Aleatoric uncertainty is the irreducible randomness of p(Y|X) itself. Not randomness in the laws of physics, but randomness because X simply does not contain enough information to pin down Y. A fair coin toss is the cleanest example. No amount of data – no amount of internet-scale context – will help you predict the outcome better than 50-50. Most real-world prediction tasks share this basic structure. Weather forecasts, hospital readmissions, sports outcomes – countless hidden factors play crucial roles, many of them unknowable in practice.

This produces a prediction ceiling: the accuracy an oracle could achieve if given exactly the same input X. And crucially, the oracle will still often fall short of 100%.

This ceiling is rarely acknowledged in AI discussions, especially in healthcare (see our recent letter on this topic). People often talk about “minimum acceptable performance” in terms of an absolute threshold – e.g., an area under the curve of 0.80 or above – as if this were a law of nature rather than a human convention. But what if the Bayes limit for a given problem, with the information available, is 0.75? What if no model – no matter how vast the dataset or how advanced the architecture – can exceed that?
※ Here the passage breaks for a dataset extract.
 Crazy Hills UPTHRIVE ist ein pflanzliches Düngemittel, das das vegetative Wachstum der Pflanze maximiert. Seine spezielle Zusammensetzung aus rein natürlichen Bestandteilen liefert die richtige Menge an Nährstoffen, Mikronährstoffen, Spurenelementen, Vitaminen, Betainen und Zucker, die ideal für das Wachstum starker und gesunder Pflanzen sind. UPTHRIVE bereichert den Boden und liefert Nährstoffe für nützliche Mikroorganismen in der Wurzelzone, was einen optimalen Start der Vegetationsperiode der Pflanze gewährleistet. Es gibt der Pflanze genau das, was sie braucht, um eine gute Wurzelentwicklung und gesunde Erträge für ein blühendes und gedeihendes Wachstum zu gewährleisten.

If patient readmission depends on unmeasured social support networks, personal behaviors, or random life events, then those unobserved variables impose a ceiling. Before judging prediction performance, we must understand how much of the outcome is governed by chance (our ignorance) given the input we have. If an oracle can’t do better than 75%, it’s unreasonable to expect a real model to surpass it.

This brings me to what I think is an overlooked point. The prediction ceiling depends entirely on what X is. And the most powerful way to lift the ceiling is not through bigger models or more training data, but through richer, more informative inputs.
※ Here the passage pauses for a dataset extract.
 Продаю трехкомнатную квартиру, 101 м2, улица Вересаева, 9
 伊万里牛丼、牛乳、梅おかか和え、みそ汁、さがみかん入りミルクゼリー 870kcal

Machine learning research often treats the input as fixed: an image, a sentence, a lab test. But in the real world, we get to choose what we measure. We design sensors. We invent imaging sequences. We develop new assays. We conduct new surveys. We discover new biological markers. We create entirely new data modalities. Better scientific understanding leads to better measurement, and better measurement leads to better prediction.

The next phase of AI should not ignore this. Vision and language models benefit from the accident of abundant data, but the domains where AI could make the biggest difference – medicine, biology, climate, materials, human behavior – will require entirely new kinds of data, captured in new ways, at new scales.

If we want AI that truly transforms our world, we must do more than build bigger models.
We must measure and observe the world more wisely.
Only then can we raise the very ceiling of what is predictable.